LLM Reasoners: A Unified Formulation and Library

There has been rich research on constructing reasoning chains to solve problems using LLMs, from the simplest CoT prompting (Wei et al., 2022), to tree search algorithms guided by a reward function (Yao et al., 2023; Xie et al., 2023; Hao et al., 2023). Hao et al., 2023 proposed to incorporate a world model into reasoning, which simulates the state of the world. This enables LLMs to reason in a manner close to humans' conscious planning. These methods, among many others, can be formulated as a search process that maximizes the accumulated reward `argmax(a_0,...,a_T) sum_{t=0}^T r(s_t, a_t)`, with a world model that predicts state transition `mathcal{T}(s_{t}|s_{t-1}, a_{t-1})`, and a search algorithm to optimize the objective. In our paper, we discuss how recent reasoning algorithms can be interpreted as special cases within this framework, with specific choices of these three components.

LLM Reasoners implements our unified formulation for multi-step reasoning with a modular design. Users can easily set up a reasoning method by creating a defining the WorldModel and SearchConfig, and importing a Reasoner object, which includes a SearchConfig, a WorldModel class, and a SearchAlgorithm.

from reasoners import SearchConfig, WorldModel, Reasoner
from reasoners.algorithm import MCTS
from reasoners.lm import Llama2Model

class MyWorldModel(WorldModel):
    def step(self, state, action):
        return self.llm.generate(self.next_state_prompt.format(state, action))
    ...

class MyConfig(SearchConfig):
    def reward(self, state, action):
        return self.llm.generate(self.eval_prompt.format(state, action))
    ...

reasoner = Reasoner(
    world_model=MyWorldModel(), search_config=MyConfig(), search_algo= MCTS()
)

Our library provides multiple helper classes to facilitate the development and deployment of reasoning algorithms, e.g., rich LLM APIs, multiple search algorithms, standard interface to popular datasets.
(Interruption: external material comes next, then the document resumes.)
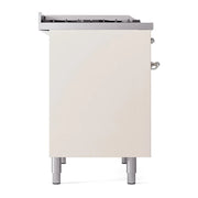 Introducing the new Nostalgie II ilve 40 inch range nostalgie, a classic addition with a touch of innovation to any kitchen. This range features sealed burners equipped with total black brass burners that have a non-stick nanotechnological coating, heavy cast iron grates, 2.3 + 2 cu. ft. dual oven capacity, and a soft closing door system for effortless daily use.
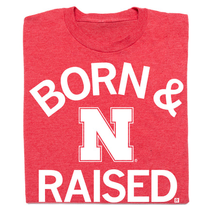 Nebraska Born and Raised. A Portion of All RAYGUN Sales Raise Money For Organizations That We Support. White Screen Print on a Heather Red T-shirt (50% Polyester/ 50% Combed Ringspun Cotton). Cut and sewn sweatshop free. Designed and printed by Union Labor at RAYGUN.

Especially, it features a visualization tool to aid users in comprehending the reasoning process. Even for the most complex reasoning algorithms like Monte-Carlo Tree Search, users can easily diagnose and understand what happens with one line of python code. Here we show some examples from GSM8K and Blocksworld.

My goal is to have have that the orange block is on top of the blue block. The initial state is that, the red block is clear, the blue block is clear, the yellow block is clear, the hand is empty, the blue block is on top of the orange block, the red block is on the table, the orange block is on the table and the yellow block is on the table. What's the action plan to achieve my goal?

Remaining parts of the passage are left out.